* [Work order]
Without the pictures, repeat the listing character for character.

* [Listed records]
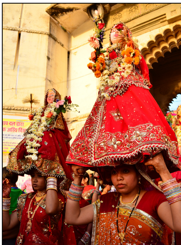
Fig. 1. The symbolic wedding ceremony of “Shiva” and “Pavarotti”. The garment of women who carry the poppets, is traditional Indian style, Udaipur, India. Photo: Shahrzad Khademi, 2012.

“Cultural landscape is dynamic and collaborative” Based on world heritage of UNESCO definition. Cultural landscape is clearly distinguishable from people active intervention. In actual fact, based on urban landscape definition, cultural landscape is formed by human presence and its quality whether physically or his impression on his environment. It can be perceived that people with his particular clothing make space legible and identified. It’s not the only factor which makes a space identified, but it’s one of the most important features in city’s cultural landscape. India is one of the countries which have arranged various actions to protect its cultural landscape. Preserving women clothing is one these actions. Despite passing historical periods, arriving modernism, women presence in social activities, Industrial development in India and so forth, still we can see Indian, specifically
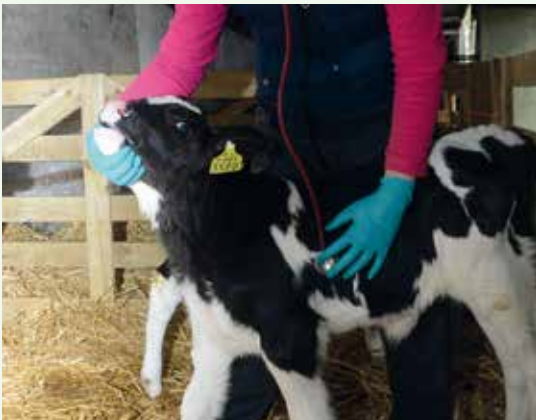
In severe pneumonia cases, veterinary intervention may be required.

Careful observation of calves at a time when they are resting is necessary to observe signs of ill-health. Checking the calves at feeding times only can reduce the likelihood of detection as the signs of pneumonia may not be so easy to observe at that time.
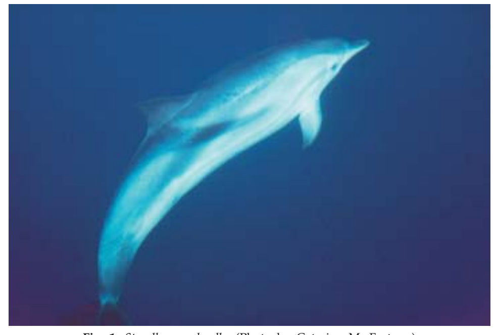
Fig. 1. Stenella coeruleoalba

* [Answer to this problem]
Fig. 1. The symbolic wedding ceremony of “Shiva” and “Pavarotti”. The garment of women who carry the poppets, is traditional Indian style, Udaipur, India. Photo: Shahrzad Khademi, 2012.

“Cultural landscape is dynamic and collaborative” Based on world heritage of UNESCO definition. Cultural landscape is clearly distinguishable from people active intervention. In actual fact, based on urban landscape definition, cultural landscape is formed by human presence and its quality whether physically or his impression on his environment. It can be perceived that people with his particular clothing make space legible and identified. It’s not the only factor which makes a space identified, but it’s one of the most important features in city’s cultural landscape. India is one of the countries which have arranged various actions to protect its cultural landscape. Preserving women clothing is one these actions. Despite passing historical periods, arriving modernism, women presence in social activities, Industrial development in India and so forth, still we can see Indian, specifically
In severe pneumonia cases, veterinary intervention may be required.

Careful observation of calves at a time when they are resting is necessary to observe signs of ill-health. Checking the calves at feeding times only can reduce the likelihood of detection as the signs of pneumonia may not be so easy to observe at that time.
Fig. 1. Stenella coeruleoalba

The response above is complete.